Not Just Home Insurance – Crop Insurance Hammered by Climate Extremes too

Inside Climate News:

The country’s farmers took in a record $19 billion in insurance payments in 2022, many because of weather-related disasters, according to a new analysis that suggests climate change could stoke the cost of insuring the nation’s farmers and ranchers to unsustainable levels.

The Environmental Working Group, which has for decades critically scrutinized the Federal Crop Insurance Program, published new researchThursday, finding that the cost of the program has soared from just under $3 billion in 2002 to just over $19 billion last year.

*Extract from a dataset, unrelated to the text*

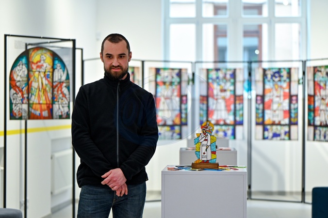 LVIV, UKRAINE - FEBRUARY 10, 2024 - Mariupol journalist and researcher of the crimes committed by Russia against Ukrainians Ivan Stanislavskyi attends his Careful Fragile! exhibition at the Mariupol Reborn office in Lviv, western Ukraine. The exhibition scheduled for March 2022 in Mariupol was cancelled due to Russia's full-scale war against Ukraine and the shelling of the city. The project is a collection of photographs of stained glass windows captured by Ivan Stanislavskyi across his native Mariupol in 2019-2021. These stained glass windows are likely lost as the buildings where these creations were located are destroyed as investigated by Ivan Stanislavskyi., Credit:Anastasiia Smolienko / Avalon

“We found between 2002 and 2022 the crop insurance program sent over $161 billion to farmers, and annual payouts in 2022 were 546 percent more than they were in 2001,” said Anne Schechinger, an agricultural economist and director at EWG. 

The crop insurance program has become increasingly popular with farmers over the past 20 years as a way to protect themselves from drops in prices and weather-related disasters.

Taxpayers subsidize about 60 percent of the premiums; farmers cover about 40 percent and pay deductibles on smaller losses.  

“We know that part of the increase in payouts comes from an increase in participation in the program, as well as crop prices,” Schechinger said. “But we also know that payments for weather-related losses are also going up.”

EWG also analyzed who received the bulk of the payments, confirming previous research showing that most of them are going to large, wealthy farms that grow one or two crops.

Roughly 80 percent of subsidies go to the largest 20 percent of farms. That’s in part because they produce most of the crops, but also because smaller farmers have a more difficult time qualifying for the programs. This, critics say, encourages the growth of large farms that use production methods that are more fuel and carbon intensive.

In the past two decades, EWG found that roughly three-fourths of all indemnity payments, about $121 billion, went to corn, soybeans, wheat and cotton, and nearly $56 billion to corn growers alone.

Critics of the program worry that it will incentivize more carbon-intensive farming. Already U.S. farms are responsible for 11 percent of the country’s greenhouse gas emissions. A recent analysis suggests that percentage could rise to about 30 percent of the total by 2050—more than any other sectors of the economy—if farms and ranches don’t shrink their carbon impact. 

EWG’s research dovetails with other recent studies showing that the warming atmosphere has increased crop insurance payments and discourages farmers from adapting to climate change. More research also suggests that climate change will likely stoke crop insurance payments in coming years and finds that crop insurance premiums will rise.

Environmental Working Group:

Crop insurance payouts for losses associated with extreme weather have cost billions of dollars, a new Environmental Working Group analysis of Department of Agriculture data shows. Indemnities for the five most expensive weather-related causes of loss – drought, excess moisture and precipitation, hail, heat and freeze – totaled over $118.75 billion between 2001 and 2022, representing 73 percent of total crop insurance payouts.

The extreme weather events that triggered these payments are closely associated with the climate emergency. Yet the Crop Insurance Program does not encourage farmers to adapt to the extreme weather linked to the climate crisis, as EWG recently explained.

Our new investigation found that weather-related crop insurance indemnities have steeply risen over the past 22 years. As climate change continues to accelerate, it seems inevitable that, without meaningful reform, crop insurance costs will likewise grow unsustainably.